From these results, it was concluded how fast people eat can affect factors associated with diabetes and heart disease.
They went on to suggest speed of eating could be something that could be changed for the better to prevent and treat heart disease and diabetes.
It has long been thought eating fast tends to make us eat more than we need to before our body knows we are full and turns off our appetites.
University Hospital in Coventry, England, installed its "flab lab" about a year ago.
The lab carefully measures people's body weight and size to estimate their fat content, then carefully measures their food intake and rate of burning calories.
Participants are instructed to eat meals fast or slow, and their energy expenditure is measured to determine whether the amount they expend can be affected by their rate of eating.
Weight gain, loss, or stability is also measured.
Scientists hope to learn more along the lines of the work performed in Japan, but with more precise tracking of patients.
Eating while working or driving is one way we try to cram 25 hours into a day.
If we got up 15 minutes earlier we would have time to sit at the table and have breakfast instead of wolfing down something on the way from the kitchen to our car...
  • taking time to have regular meals with family can help us to slow down our eating while sharing our day with them.
  • having lunch with co-workers and friends can help to slow down your rate of eating if you take some time for conversation.

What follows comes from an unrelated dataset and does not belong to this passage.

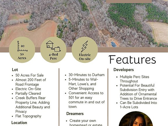 This property is for developers and dreamers alike! Homeowners are selling up to 50 acres of their land for your development or dream homestead/estate. With almost 200 feet of road frontage primed for the creation of your beautiful drive/entrance, this lot percs along multiple sites, has electricity, and flat topography to get your build off to a great start. It's 5-minute or less distance to Lowe's, Wal-Mart, and US-501, makes this the perfect place to create a convenient, yet private oasis. This is one you won't want to miss! Property is USDA eligible.

    It might even lower your stress levels, which is good for your blood sugar levels too.
Next time you sit down to a meal, try putting your fork down between bites and take a deep breath or count to three.
Drinking plenty of water or tea can also help slow down your rate of taking in solid foods.
Going on a trip? There's a natural tendency to want to get there as soon as possible, but would an extra half hour matter that much? Why not sit down to a meal while enjoying the scenery? Here's to leisurely meals.
If nothing else they can increase your quality of life.